Lots of Trouble with MindAlign These Days

chat.jpg

We use MindAlign in the Shop to have a secure chat environment, such as it is. Over the last few days, it's been problematic to say the least. Today, in fact, they have narrowed down the problem to a global corporate loss of DNS due to MindAlign.

I am not going to bad mouth MindAlign, it's a package that the corporation has picked, and we're going to use it. Period. But today when I came into work I noticed (again) that almost all my production applications (servers and services) had one core/CPU hammering away doing seemingly nothing - but very very fast.

I found that once again we were having MindAlign problems and I decided that this morning I'd dig into the problem and find out why they were all spinning like mad. The first step on that path was to get a few stack dumps, and it's a lot easier to do that in Java than it is in C++, so I did a few thread dumps on an afflicted Java app and after three of them, it because pretty clear where the problem was - in the BKIRCProtocol object. That's the thing that talks to the IRC server, which is the core of MindAlign.

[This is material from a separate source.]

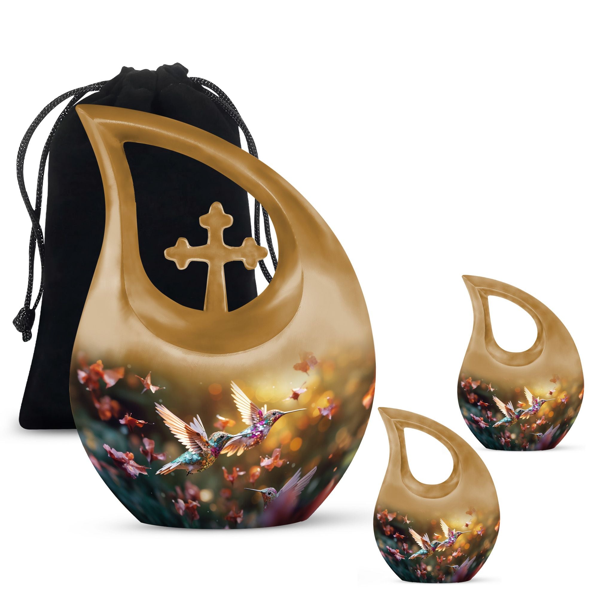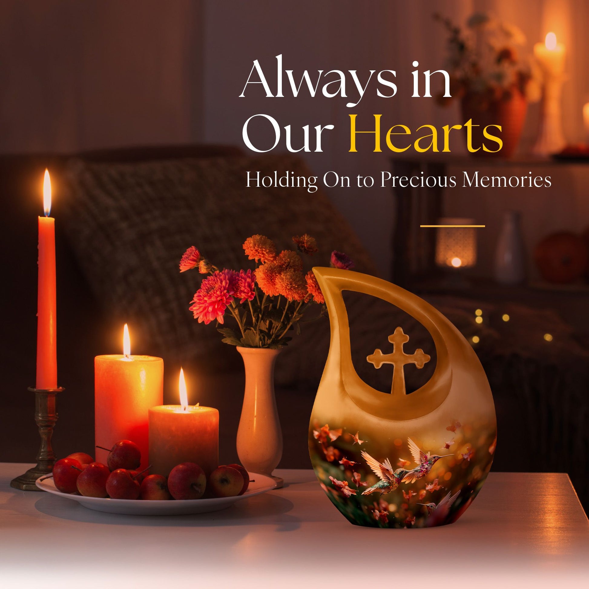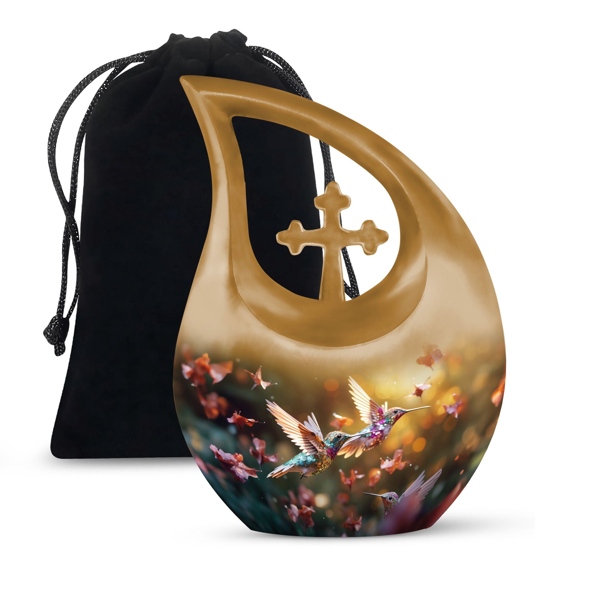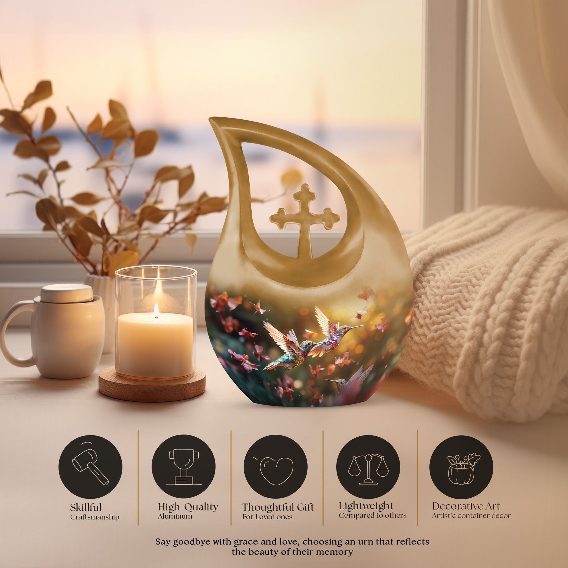 Celebrate a life well lived with the Hummingbird Cremation Urn, a heartfelt tribute designed to honor your loved one with grace and serenity. The delicate hummingbird motif reflects beauty, peace, and eternal love—making it perfect for those who brought joy and warmth to every heart. Crafted to hold large human ashes, this urn ensures their memory stays forever close. Expertly designed for durability and elegance, this urn blends timeless artistry with lasting quality. Each piece is made from premium aluminum and finished with intricate detailing that makes it a standout among large cremation urns. Whether you seek urns for ashes adult male large or large urns for human ashes adult female, this design complements any memorial décor. Its smooth surface and polished texture add sophistication, while the secure screw-top lid ensures the ashes remain safe and protected. Features: Material: Aluminium Dimensions: Height 10 inches Capacity: 200 cubic inches Lid: Secure screw-top lid Design: Elegant hummingbird pattern with soft, serene colors Use: Suitable for adult male or female This large urn for human ashes serves as a beautiful centerpiece for home display or as a cherished piece for burial or columbarium placement. The hummingbird design symbolizes freedom and eternal peace—making it a meaningful choice among urns for human ashes large adult collections. Give your loved one the dignity and elegance they deserve with this adult large urn, a stunning blend of artistry, symbolism, and devotion that keeps their memory alive forever.

It appeared that the IRC protocol was trying to throw an EOFException because the socket was not returning any data, and was, in fact returning an error code indicating that it wasn't all there anymore. The problem was, that at the higher level, where the EOFException was being caught, I was assuming that the socket was closed - which is why I'd get the EOF condition in the first place. By making that assumption, a socket with an indeterminate state talking to the MindAlign server was "there", but not "there enough".

I put in an explicit disconnect() on the socket connection and that should take care of things. Simple one-line fix (with an accompanying 10 line comment to say why it's being done. Then I was on to the C++ version.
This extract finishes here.